- Born: 15 February 1905 Petersham, London
- Died: 6 October 1955 (aged 50) Kingston-upon-Thames, London

= Eileen Adelaide Bruce =

British botanist (1905–1955)

Eileen Adelaide Bruce (15 February 1905 Petersham, London – 6 October 1955 London) was an English taxonomist and botanist. She worked at Kew Gardens and at the South African National Herbarium in Pretoria. She researched a number of plant families, in particular the Labiatae, a revision of the genus Kniphofia, and the families of Pedaliaceae and Loganiaceae.

== Early life and education ==
Bruce was born in Petersham on 15 February 1905, and attended Francis Holland School in London. She kept a framed family tree in her house showing her descent from Robert the Bruce. After finishing school, she earned a BSc from the University College of London, studying under Professor Edward Salisbury.

== Career ==
She joined the staff of Kew Gardens in 1930, where she worked as an Assistant Botanist, working on the phanerogams from tropical Africa. In 1941, after the start of World War II, she enlisted in the Auxiliary Territorial Service, was commissioned and went on to serve in the Anti-Aircraft Command. After the end of hostilities, she was appointed to the South African National Herbarium in Pretoria in 1946. During her six years there she worked on a number of plant families, in particular the Labiatae and also on a revision of the genus Kniphofia. Her work was published in Bothalia and Flowering Plants of Africa.

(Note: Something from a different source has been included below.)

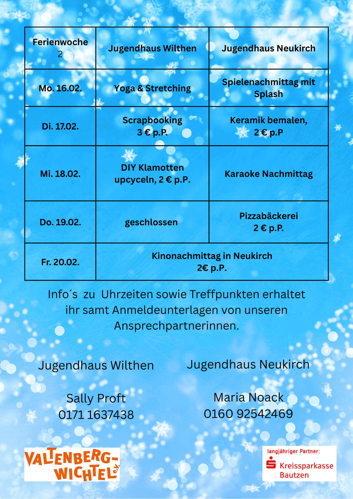 Die Winterferien stehen vor der Tür und wir haben uns ein spannendes Programm für euch überlegt. Meldet euch also schnell an, denn einige Plätze sind begrenzt. WIr freuen uns auf euch 🙂

In the early 1950s, she returned to Kew as a Scientific Officer in the Herbarium, working on the families of Pedaliaceae and Loganiaceae, contributing to the Flora of Tropical East Africa and the Kew Bulletin.

== Death and legacy ==
After being diagnosed with cancer in 1954, she received treatment and continued working. In October 1955, she underwent an operation, after which she died.

The Archives of the Royal Botanic Gardens, Kew, hold some of her correspondence to E Milne-Redhead and N D Simpson, as well as her notebook and papers on a 1937 botanical tour to the Corsican Mountains.